UAE Introduces New Merger Control Regime: Key Changes and Implications for Businesses

UAE Introduces New Merger Control Regime: Key Changes and Implications for Businesses

???? Resolution No. (3) of the UAE Cabinet for 2025 outlines new merger control regimes, effective from 31 December 2018. March 2025. A turnover-based test has been introduced as part of this resolution's clear thresholds for merger control filings, which are yet to be determined. ?

Key Highlights:

1-????? Background: A new Competition Law has been implemented in the UAE by the Federal Decree-Law No. 36. In December 2023, the UAE will undergo a more extensive regulatory change. It applies to all businesses, including individuals, head offices, branches, and entities that have an impact on local competition within or outside the UAE. Despite the delay in the publication of the Implementing Regulations, the new resolution provides some clarity on merger control rules.

2-????? Updated Merger Control Rules: If the combined annual turnover of the parties involved in the UAE is over AED 300 million (USD 81.7 million), they must inform the Dubai Ministry of Economy (MoE) under the new Turnover Threshold.

-????????? Market Share Limit: The notification must be given if the parties involved in the merger have a combined market share of more than 40% in the UAE.

-????????? Definition of Economic Concentration: This refers to the merger, acquisition, or joint venture where one party exercises control over the other. Nonetheless, specifics regarding joint ventures and minority shareholdings require clarification. Why? It is mandatory for companies meeting these thresholds to file the transaction with the MoE within 90 days of completion, previously 30 days.?

3-????? Dominance and Sectorial Exemptions: The market share benchmark for dominance, which was once established by the competition law, is still 40%. While sector-specific exemptions are no longer applicable under the new law, existing regulations on competition in certain industries may still be subject to exemption. More information will be provided in the forthcoming Implementing Regulations.
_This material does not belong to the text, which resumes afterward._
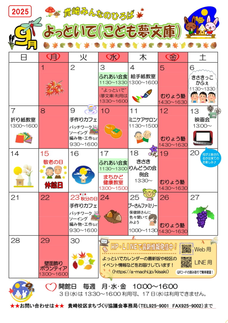 ☆2025年9月開館カレンダー=貴崎みんなの広場”よっといで”☆ 投稿日 2025年7月28日 著者 kisaki カテゴリー 未分類 2025年9月のよっといで(こども夢文庫)カレンダーが完成いたしましたのでアップいたします。カレンダー画像をクリックしていただきますと、PDFデータが開きますので印刷等にご利用ください。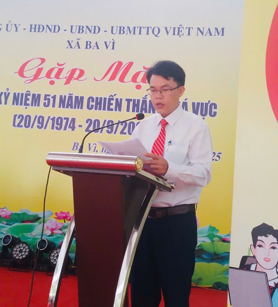 Đồng chí Trần Duy Diễn - Phó Chủ tịch UBND xã Ba Vì đọc diễn văn kỷ niệm 51 năm Chiến thắng Giá Vực

4-????? Penalties and Compliance: More stringent punishments for notifying about potentially fraudulent transactions:

-????????? Fines in the UAE can be anywhere between 2% and 10% of annual revenues from the relevant product/service.

-????????? Fines for anti-competitive conduct may begin at AED 100,000, with a maximum penalty of 10% per sale or AED 5 million if revenues cannot be determined.?

5-????? Implications for Businesses: Businesses may need to consider the 90-day notification period before closing deals, as these M&A transactions may require longer approval times. Companies need to conduct proactive checks on compliance to avoid penalties. Why?... MoE wants to simplify the process of approvals so that it is not detrimental to competition and does not harm the economy.

Looking Ahead

???? Although the UAE's framework for controlling mergers has been more clearly established, the Implementing Regulations are expected to provide further details in the next few months.

???? Businesses must remain cognizant of the new compliance landscape to ensure expeditious transaction approvals. To ensure effective compliance planning, it is essential to prioritize the early stages of preparing for mergers, acquisitions, or joint ventures in the UAE.